Return the most recent commit in common between the git repository

this function is run within (usually a Manubot manuscript repository) and the main branch of the rootstock remote.

WARNING: This function may modify the git repository its executed within:

  • if the repository has not set the roostock remote, it is set to point to the default Rootstock repository of https://github.com/manubot/rootstock.
  • fetches the latest commits in the main branch of the rootstock remote
View Source
def get_rootstock_commit() -> Optional[str]:

    """

    Return the most recent commit in common between the git repository

    this function is run within (usually a Manubot manuscript repository)

    and the `main` branch of the `rootstock` remote.

    WARNING: This function may modify the git repository its executed within:

    - if the repository has not set the `roostock` remote, it is set to

      point to the default Rootstock repository of <https://github.com/manubot/rootstock>.

    - fetches the latest commits in the `main` branch of the `rootstock` remote

    """

    from manubot.util import shlex_join

    # add rootstock remote if remote is not already set

    rootstock_remote = "https://github.com/manubot/rootstock.git"

    args = ["git", "remote", "add", "rootstock", rootstock_remote]

    process = subprocess.run(args, capture_output=True)

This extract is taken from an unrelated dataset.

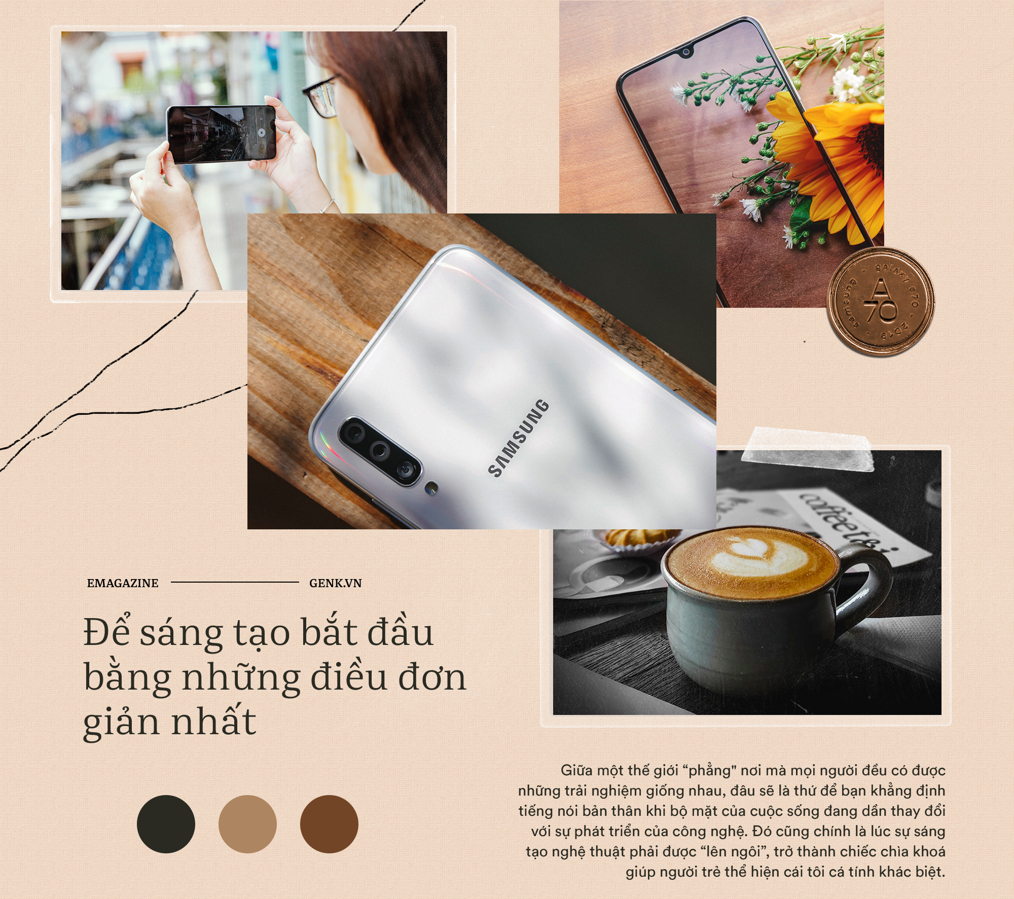 Vì con đường sáng tạo không hề bằng phẳng mà còn đó nhiều cơ hội cũng như thách thức không hề nhỏ để mỗi ngày với chúng ta luôn là sự rèn luyện và trải nghiệm mới lạ. Chính vì vậy, ngay từ những điều đơn giản xung quanh cũng có thể biến thành những ý tưởng toả sáng mang đến cho bạn cảm xúc ngọt ngào của sự thành công. Và trên con đường đó người đồng hành với bạn, không ở đâu xa mà chính là Galaxy A70, công cụ vô cùng hữu ích để bạn có thể vươn lên, cùng theo đuổi những đam mê bất tận.

    if process.returncode == 0:

        logging.info(

            "get_rootstock_commit added a `rootstock` remote to the git repository."

        )

    # find most recent common ancestor commit

    try:

        args = ["git", "fetch", "rootstock", "main"]

        subprocess.check_output(args, stderr=subprocess.PIPE, text=True)

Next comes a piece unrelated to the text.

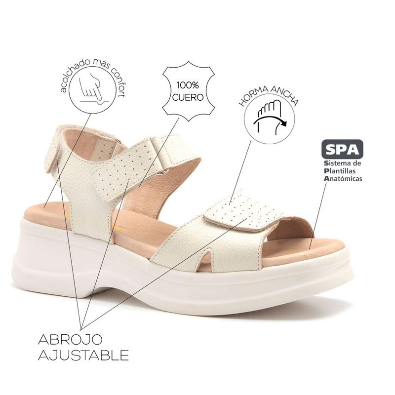 Disfruta de la máxima comodidad con nuestra elegante sandalia de cuero. Con una plantilla anatómica que ofrece realce en el arco, soporte metatarsal y almohadilla en el área del oliva, proporciona un ajuste óptimo y un soporte excepcional. Forrada completamente en cuero, asegura suavidad y durabilidad. Equipadas con dos abrojos, uno en el tobillo y otro en la tira a la altura del metatarso, garantizan un ajuste seguro y personalizado. Su horma ancha y confortable es perfecta para todo el día. Ideal para quienes buscan una combinación de estilo y confort.

        args = ["git", "merge-base", "HEAD", "rootstock/main"]

        output = subprocess.check_output(args, stderr=subprocess.PIPE, text=True)

    except subprocess.CalledProcessError as error:

        logging.warning(

            f"get_rootstock_commit: {shlex_join(error.cmd)!r} returned exit code {error.returncode} "

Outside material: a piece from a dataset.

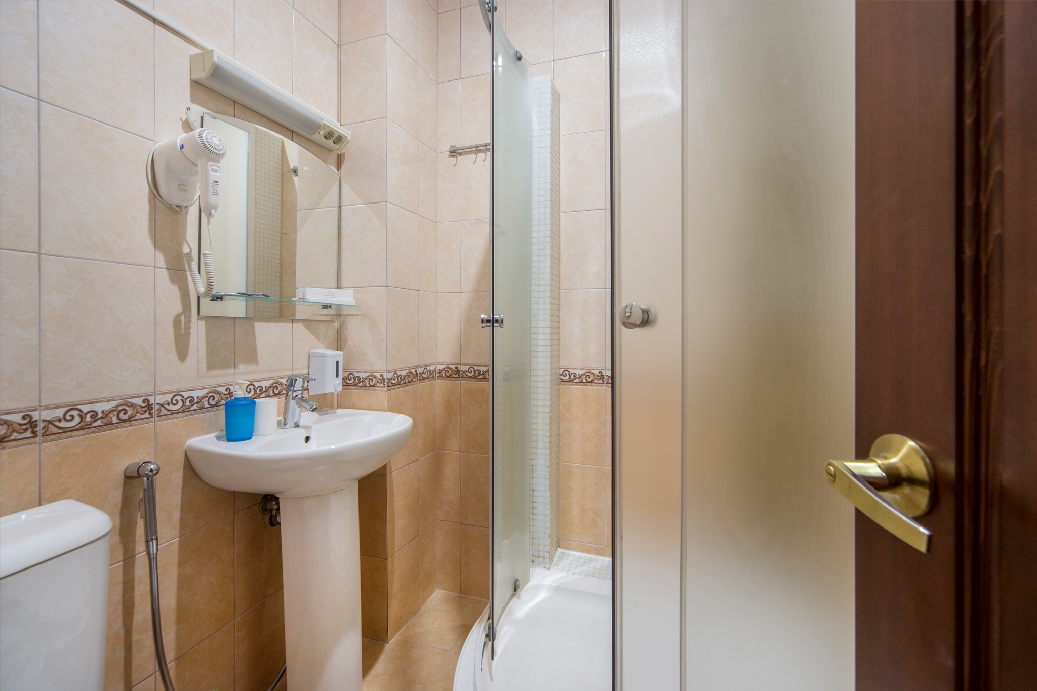 Санузел: с душем, туалетные принадлежности, фен

            f"with the following stdout:\n{error.stdout}\n"

            f"And the following stderr:\n{error.stderr}"

        )

        return None

    rootstock_commit = output.strip()

    return rootstock_commit

get_software_versions

def get_software_versions(
    rootstock: bool = True
) -> dict

Return a dictionary of software versions for softwares components:

  • manubot_version: the semantic version number of the manubot python package.
  • rootstock_commit: the version of the rootstock repository, as a commit hash, included in the manuscript repository.

Values whose detection fails are set to None.

The rootstock parameter controls whether to fetch the rootstock commit id. The rootstock git remote will be added to the local git repository if true.

View Source
def get_software_versions(rootstock: bool = True) -> dict:

    """

    Return a dictionary of software versions for softwares components:

    - manubot_version: the semantic version number of the manubot python package.

    - rootstock_commit: the version of the rootstock repository, as a commit hash,

      included in the manuscript repository.

    Values whose detection fails are set to None.

    The `rootstock` parameter controls whether to fetch the rootstock commit id.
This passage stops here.